Rayakan HUT RI, Intip Festival Gotong Rumah di Majalengka

- Festival Gotong Rumah sebagai pengingat peristiwa wakare
- Setelah Jepang kalah, warga kembali ke kampung halaman
- Berharap generasi muda mengambil pelajaran dari peristiwa wakare
Majalengka, IDN Times - Ketika sebagian besar masyarakat menghias kampung halaman untuk menyambut Hari Ulang Tahun Republik Indonesia (HUT RI) yang jatuh setiap 17 Agustus, warga Kampung Wates, Desa Jatisura, Kecamatan Jatiwangi, Kabupaten Majalengka tampil berbeda. Mereka justru berbondong-bondong meninggalkan kampung halaman bersama sanak saudara.
Tidak hanya pergi meninggalkan kampung dengan tangan kosong, mereka juga membawa serta ternak peliharaan, bahkan rumah tempat tinggal mereka di kampung. Ada dua rumah yang ikut dibawa warga saat pergi meninggalkan kampung tersebut
1. Festival Gotong Rumah sebagai pengingat peristiwa wakare

Pemandangan tersebut terjadi pada Sabtu (16/8/2025) sore. Aksi tersebut merupakan peragaan dalam festival gotong rumah yang dihelat warga setempat untuk mengingat peristiwa zaman dulu saat masa penjajahan.
Warga setempat menyebut aksi gotong rumah itu dengan sebutan wakare. Kosa kata itu digunakan sebagai gambaran saat warga terpaksa meninggalkan rumah dengan membawa serta rumah mereka untuk menghindari dampak negatif pada masa penjajahan Jepang.
Kekhawatiran itu mengingat saat itu, pasukan Jepang dikonsentrasikan di dekat kampung mereka, tepatnya di daerah Kecamatan Ligung. Saat ini, tempat konsetrasi pasukan Jepang tersebut masuk ke dalam wilayah Lanud S. Sukani.
"Wakare-nya Kampung Wates ke Dukuh Pusing terjadi pada tahun 1943 atas inisiatif warga dan Kuwu (Kades) saat itu yakni Bapak Sayim.

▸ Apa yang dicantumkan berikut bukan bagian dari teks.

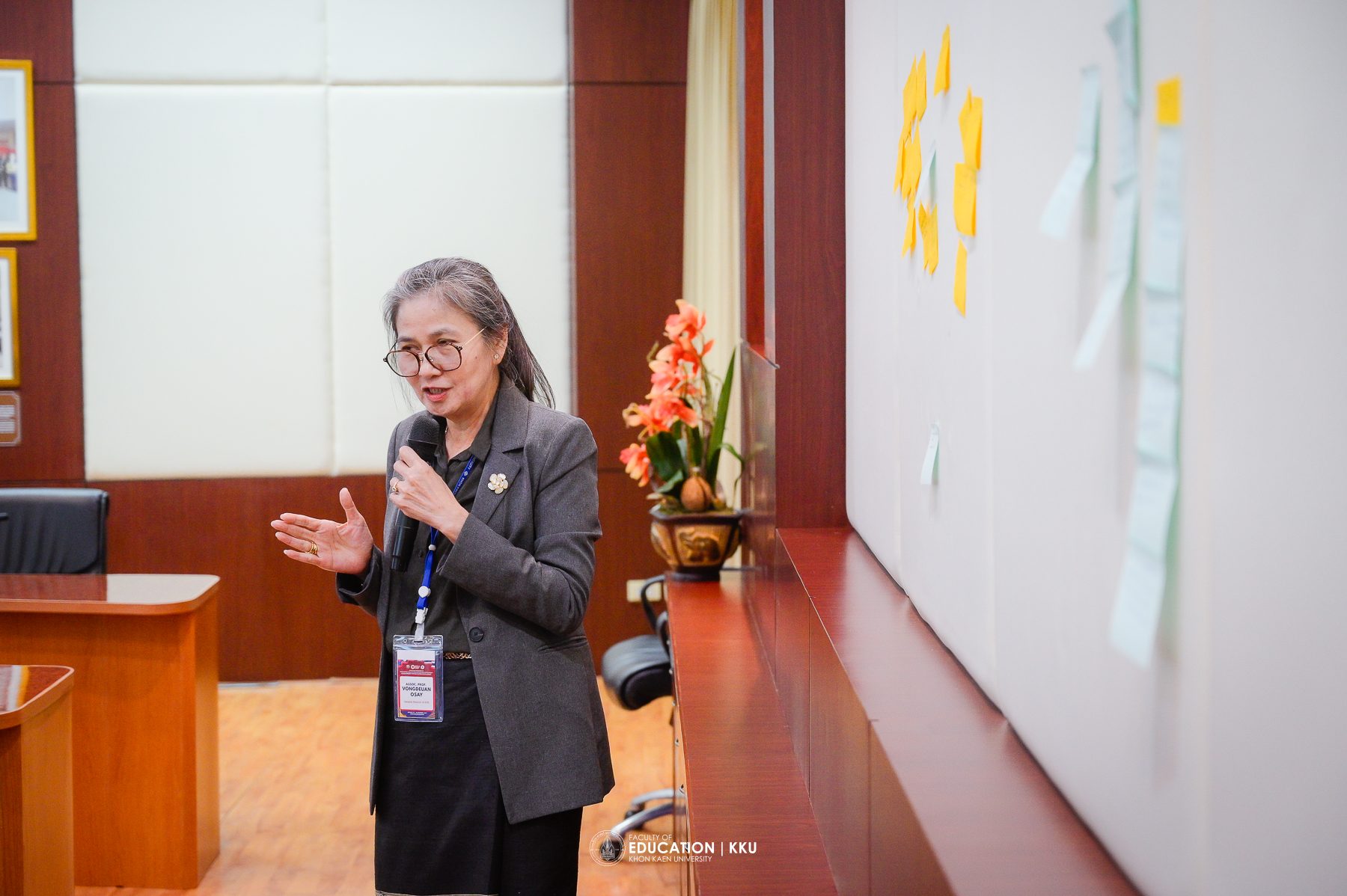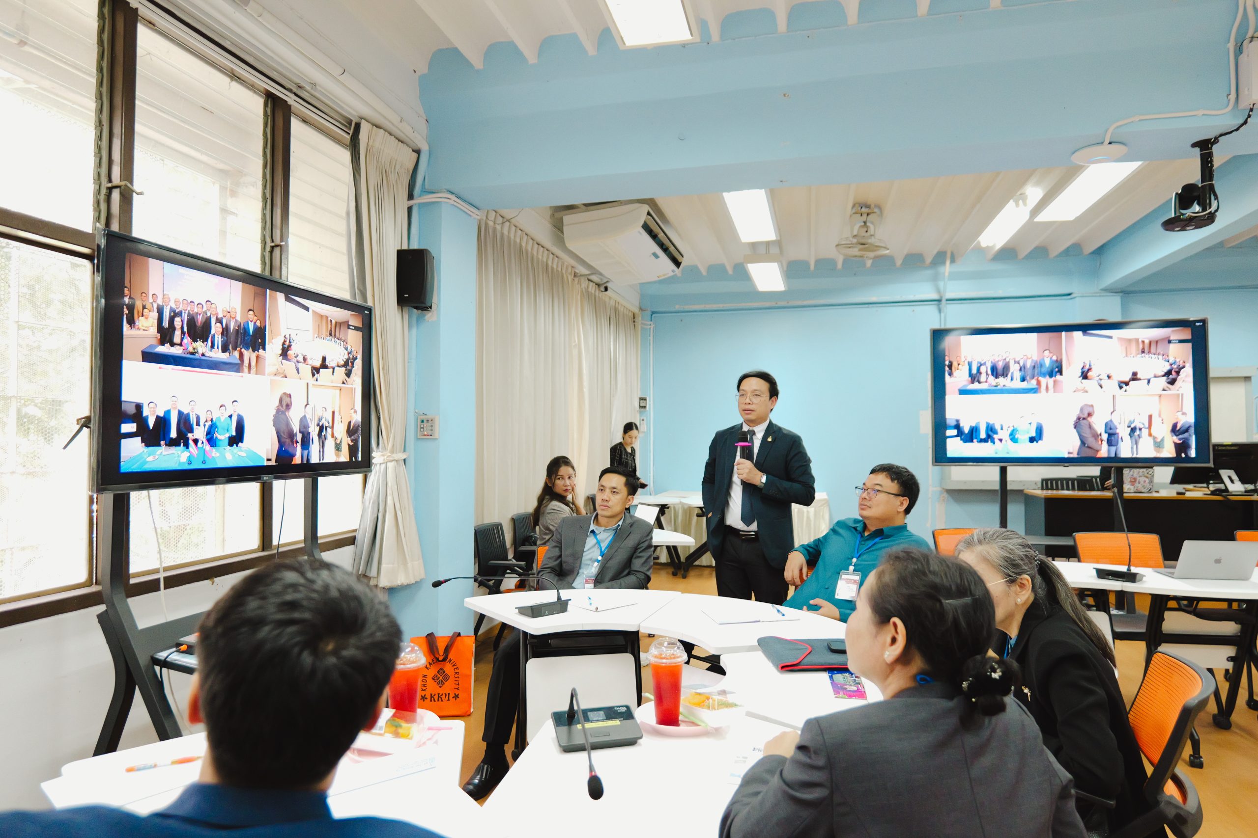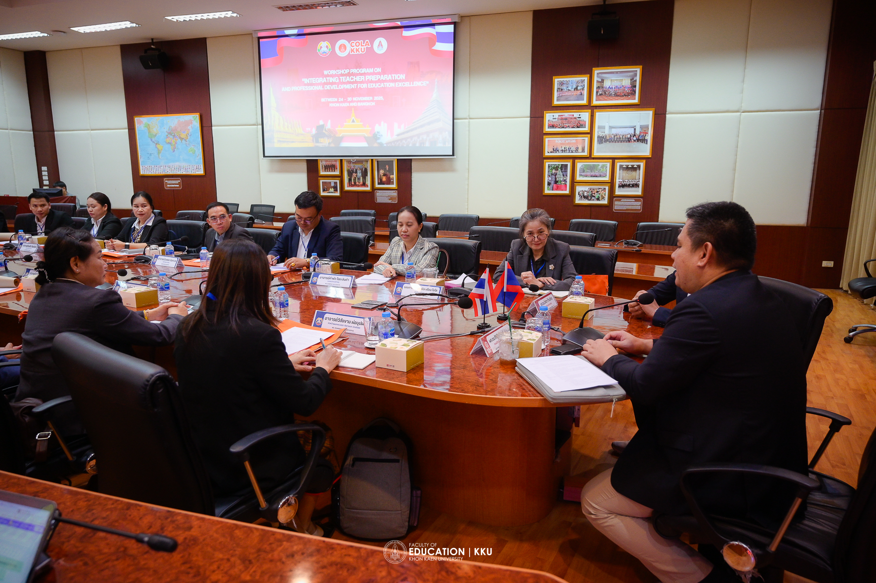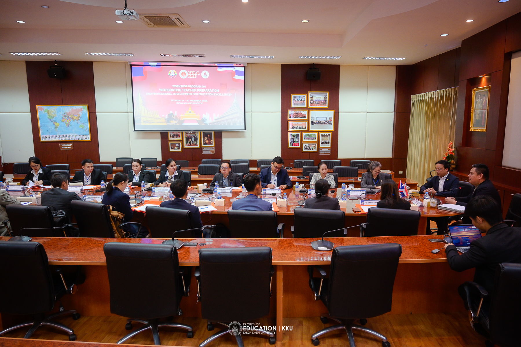 The opening ceremony was honored by Assoc. Prof. Dr. Nawarat Wara-aswapati, Vice President for International Affairs at Khon Kaen University, who spoke about the university’s international cooperation policies, especially with Lao PDR, considered a “brother and sister nation” and a key strategic area where KKU has long-standing good relations. Also present to welcome the delegation were Asst. Prof. Dr. Sirisak Laojankham, Dean of the College of Local Administration, and Assoc. Prof. Dr. Issara Kanjug, Dean of the Faculty of Education.
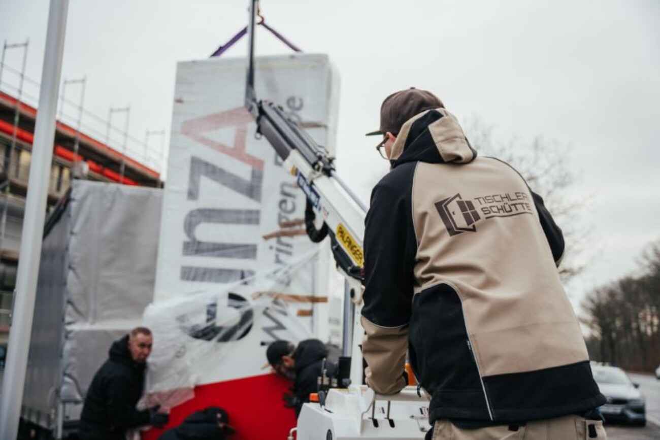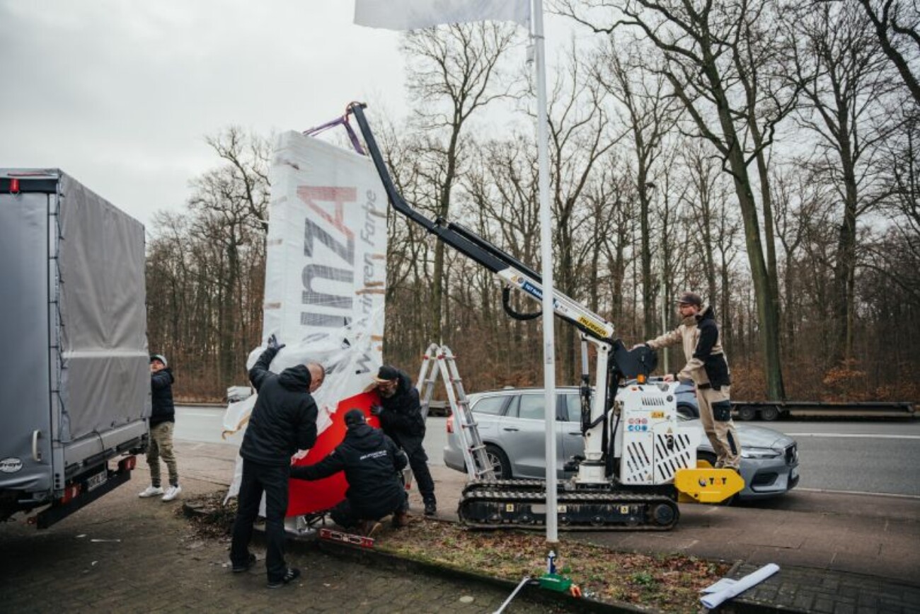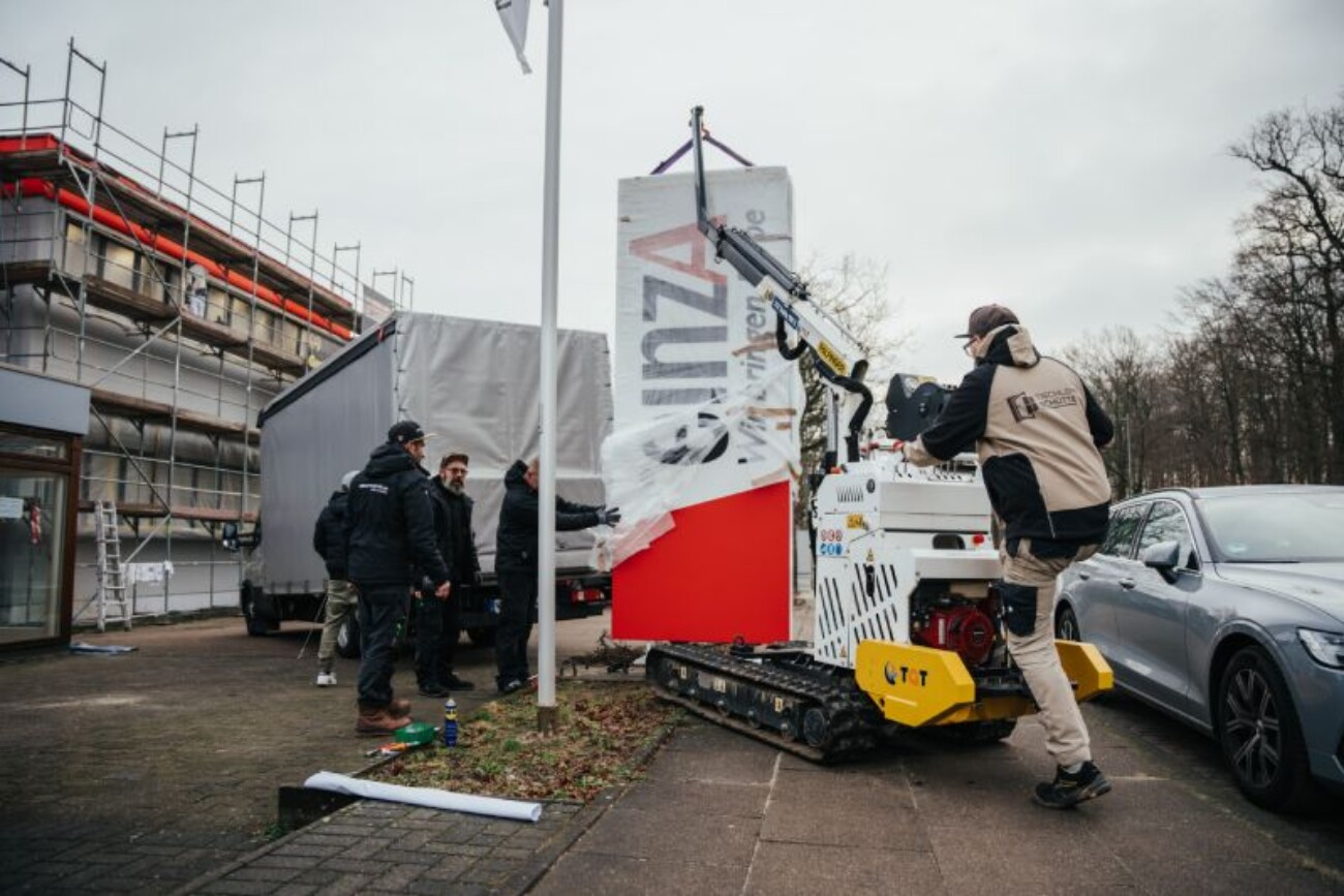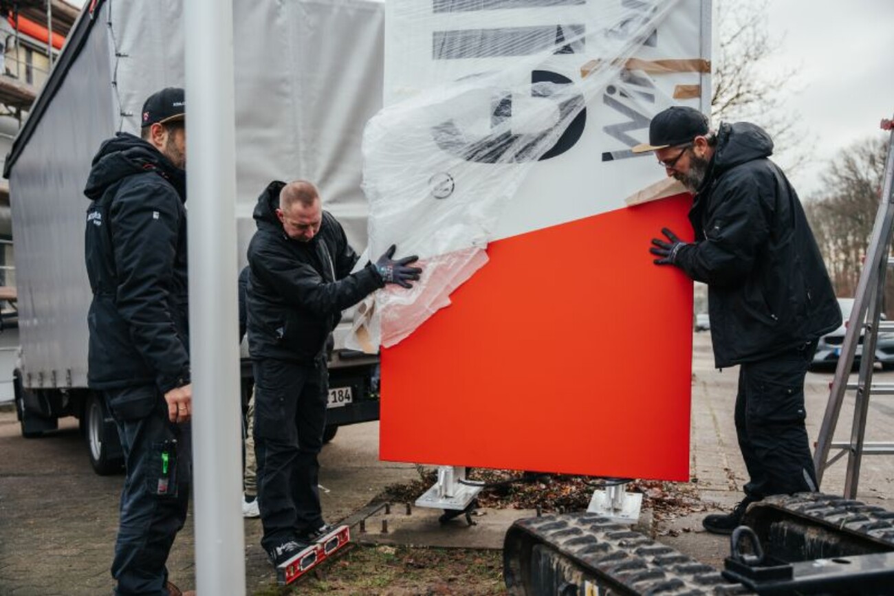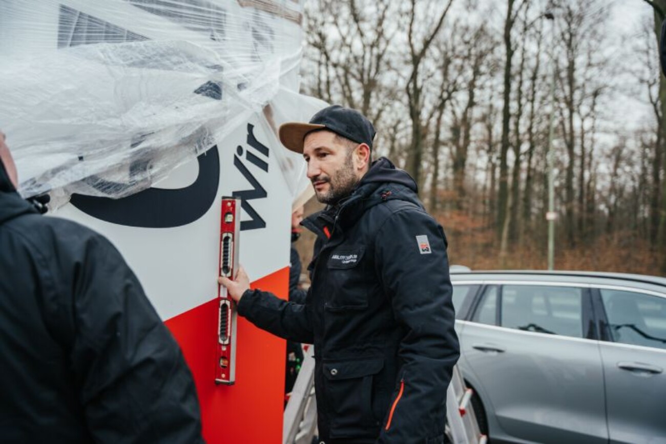 Ein Highlight des Projekts war der maßgefertigte Werbepylon, den wir vor Ort installiert haben. Ergänzt wurde die Anlage durch Profilbuchstaben mit LED-Beleuchtung, die das Firmenlogo eindrucksvoll in Szene setzen. Zudem montierten wir ein Leitsystem und Wegweiser, um die Orientierung auf dem Gelände zu erleichtern.

Wakare dilakukan karena takut warganya ada yang kena peluru atau bom dari tentara Nipon. Karena kampung Wates berdekatan dengan landasan prajurit Nippon," kata salah satu tokoh masyarakat kampung Wates Dikdik.
2. Setelah Jepang kalah, warga kembali ke kampung halaman

Lokasi wakare warga Kampung Wates sendiri tidak terlalu jauh, hanya berjarak beberapa ratus meter saja. Dilihat dari letak geografis saat ini, lokasi Kampung Wates dan tujuan Wakare mereka di Dukuh Pusing hanya beda blok saja--masih di satu desa yang sama yakni Desa Jatisura.
Secara durasi, wakare yang dilakukan warga Kampung Wates berlangsung sekitar empat tahun. Tahun 1947, masa penjajahan Jepang di Tanah Air berakhir. "Setelah itu, warga yang sempat wakare, balik lagi ke kampung asal," kata Dikdik.
Tidak hanya itu. Sebelum kembali, warga juga ternyata berada di Dukuh Pusing secara penuh hanya pada waktu malam hari saja.
"Saat siang hari, warga beraktivitas di sini. Mengurus padang, ternak. Memang ada ternak yang ikut dibawa wakare, tapi ada juga yang ditinggal," ujarnya.
Dikdik menjelaskan jika lokasi kampung Wates berada di tengah-tengah antara tentara penjajah dengan tentara PETA (Pembela Tanah Air).
3. Berharap generasi muda mengambil pelajaran dari peristiwa wakare

Dalam festival gotong rumah, ada dua bangunan rumah gubuk yang diarak warga. Gubuk-gubuk tersebut terbuat dari bambu, dengan ukuran cukup besar.
Diperlukan belasan orang untuk mengangkat setiap gubuk yang diarak tersebut. Gubuk-gubuk itu diarak sekitar setengah kilometer secara pulang pergi.
"Saat berangkat, itu menggambarkan wakare. Dan ketika kembali, itu menggambarkan warga yang kembali ke kampung setelah Jepang menyerah," ujar Dikdik.
Arak-arakan yang berlangsung di ruas jalan Jatiwangi-Ligung itu menjadi perhatian warga, mulai dari anak-anak sampai orangtua. Selain menggotong rumah, penampila lainnya pun terlihat memikul hasil kebun, sebagai gambaran yang dulu dilakukan juga oleh leluhur mereka.
"(Festival gotong rumah) ini jadi semacam napak tilas lah. Supaya generasi penerus mengetahui bahwa karuhun kita pernah sepahit itu," tutur Dikdik.